[SPARK-8118] [SQL] Redirects Parquet JUL logger via SLF4J

Parquet hard coded a JUL logger which always writes to stdout. This PR redirects it via SLF4j JUL bridge handler, so that we can control Parquet logs via `log4j.properties`. This solution is inspired by https://github.com/Parquet/parquet-mr/issues/390#issuecomment-46064909. Author: Cheng Lian <lian@databricks.com> Closes #8196 from liancheng/spark-8118/redirect-parquet-jul.

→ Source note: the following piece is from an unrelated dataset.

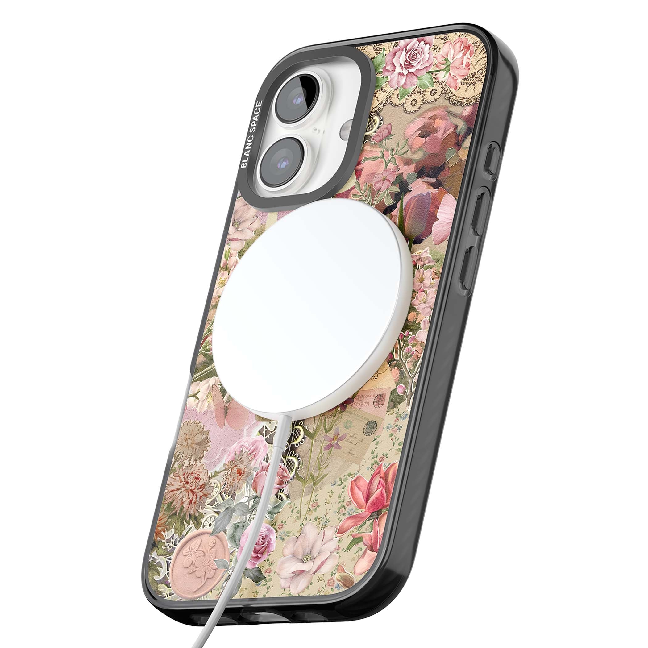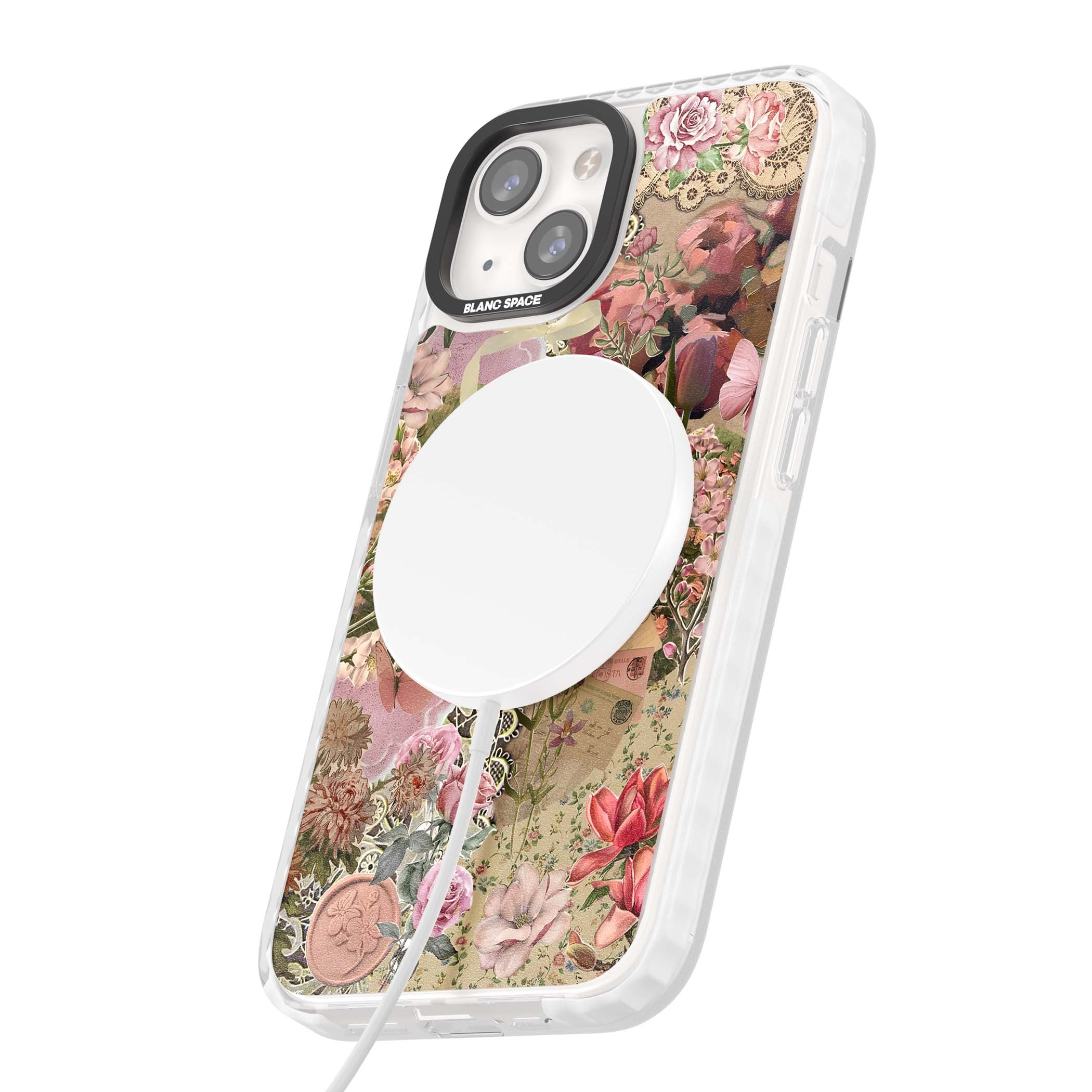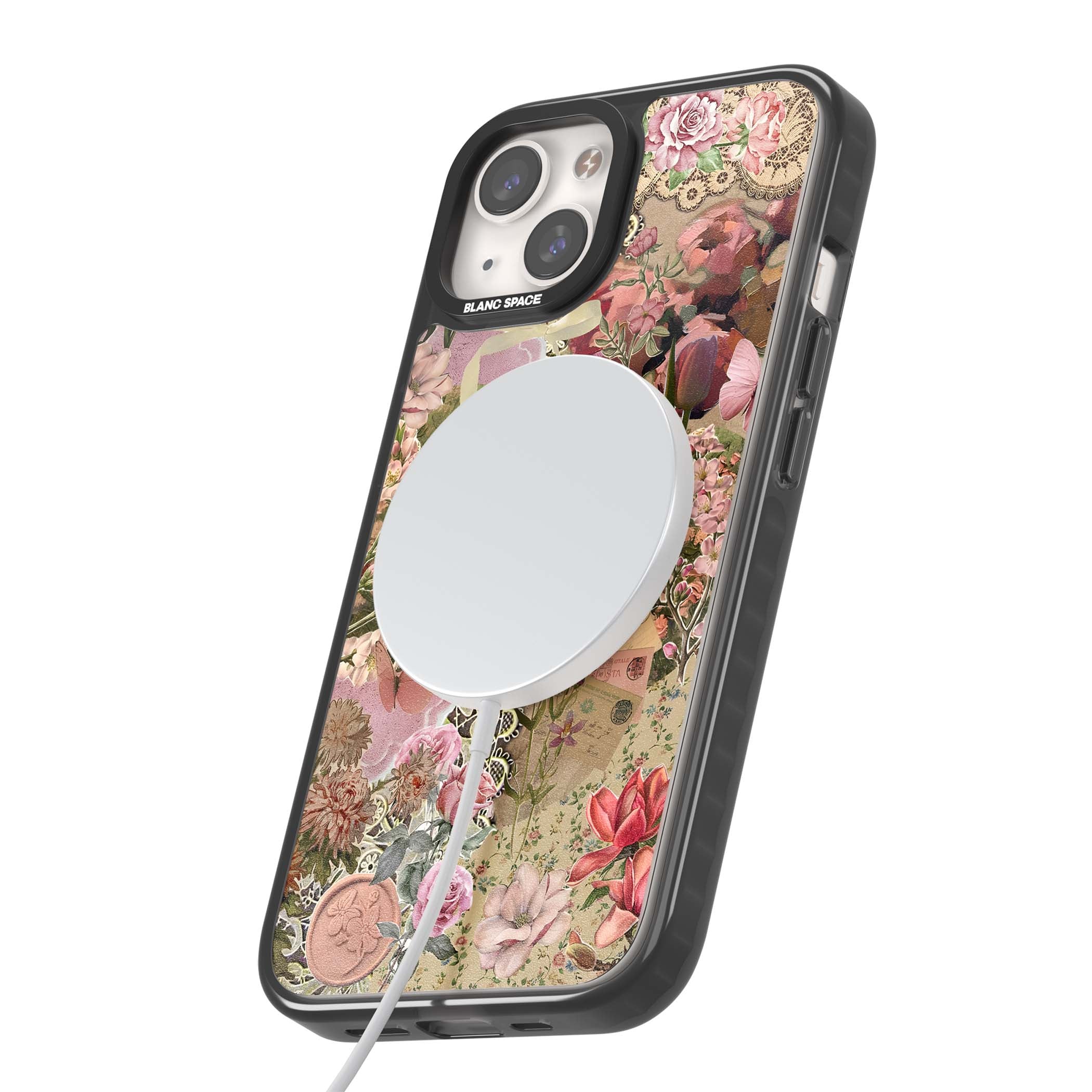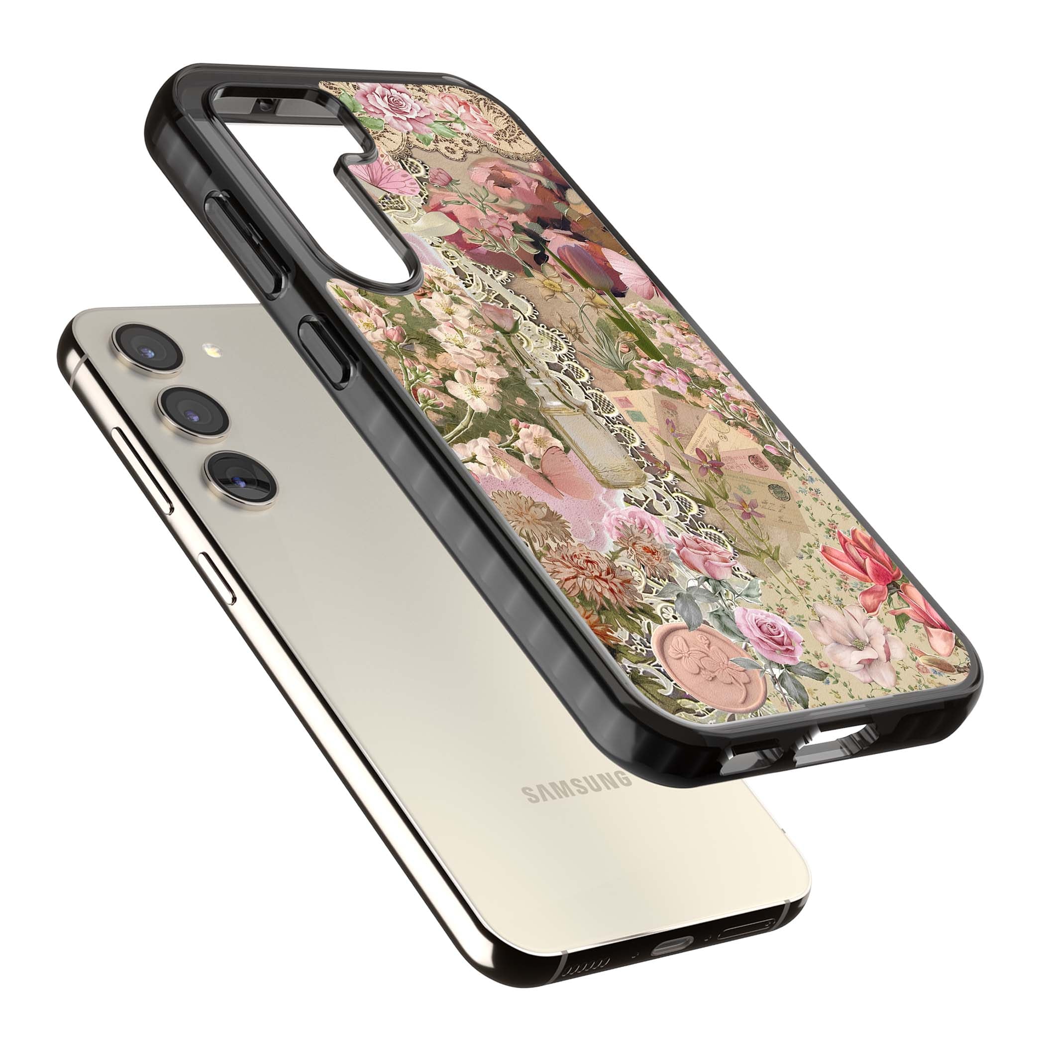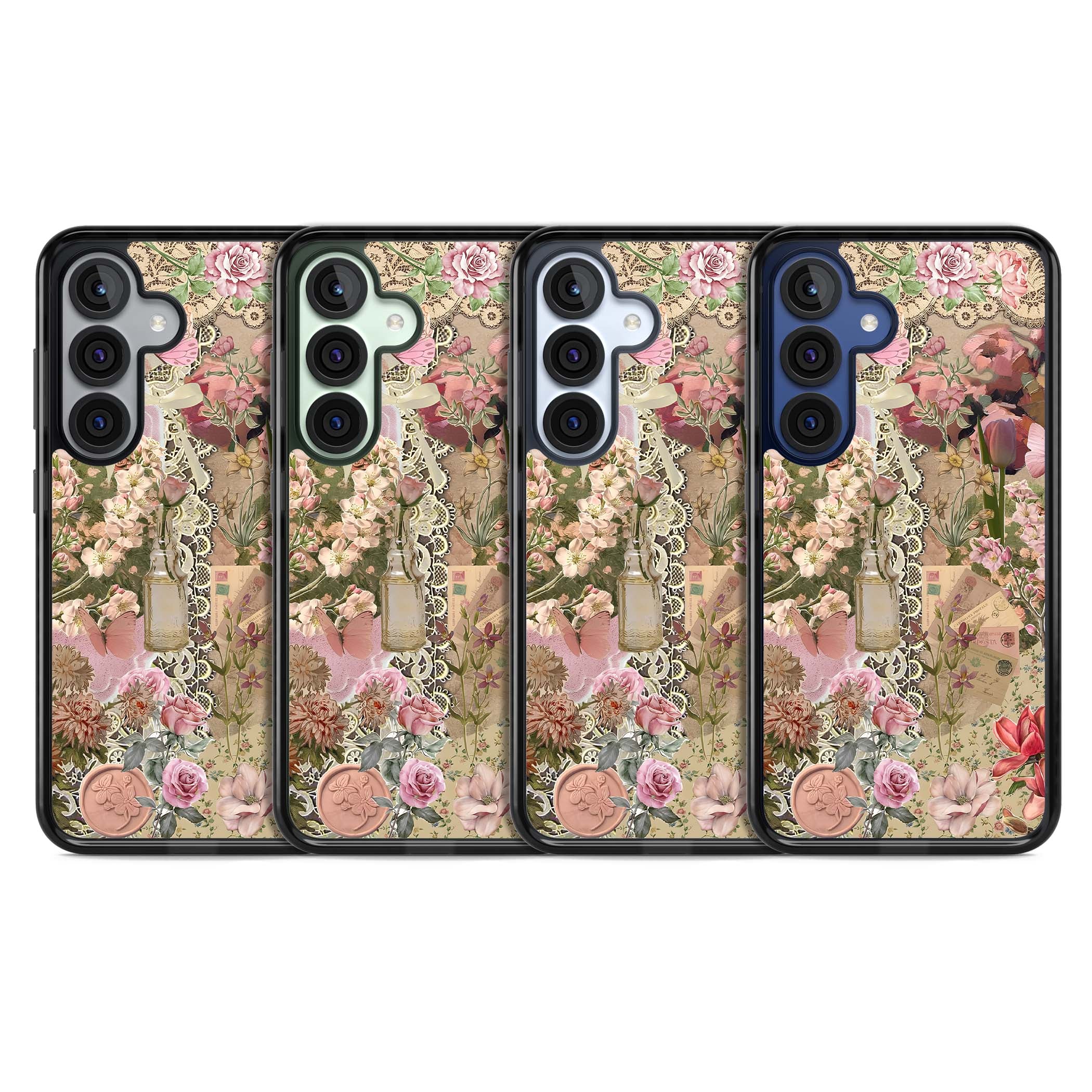 A romantic blend of pink florals, lace, letters, butterflies, and vintage perfume bottles, this phone case is a perfect match for those who adore soft, feminine aesthetics.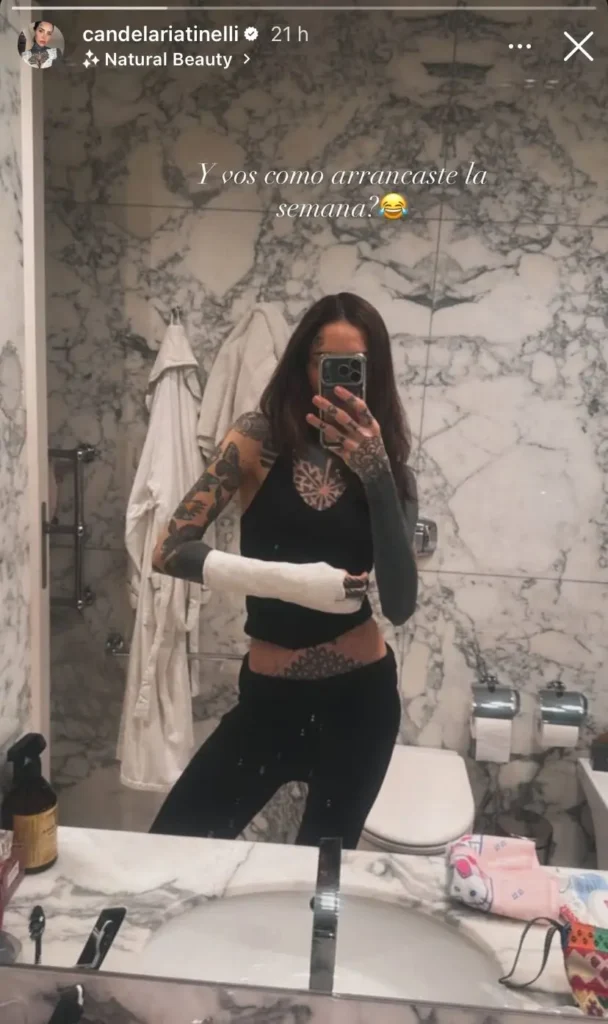 Pese al susto, Cande Tinelli optó por llevar tranquilidad a sus seguidores. Con su característico humor, publicó una historia en Instagram mostrando su brazo vendado y escribió: “¿Y vos, cómo arrancaste la semana?”. El mensaje, acompañado por un emoji risueño, fue su manera de demostrar que se encuentra de buen ánimo tras la intervención.

author: Cheng Lian <lian@databricks.com> 2015-08-18 20:15:33 +0800
committer: Cheng Lian <lian@databricks.com> 2015-08-18 20:15:33 +0800
commit: 5723d26d7e677b89383de3fcf2c9a821b68a65b7 (patch)
tree: 6e1820a777b971ce02d5968b9edc379543cf4968
parent: c34e9ff0eac2032283b959fe63b47cc30f28d21c (diff)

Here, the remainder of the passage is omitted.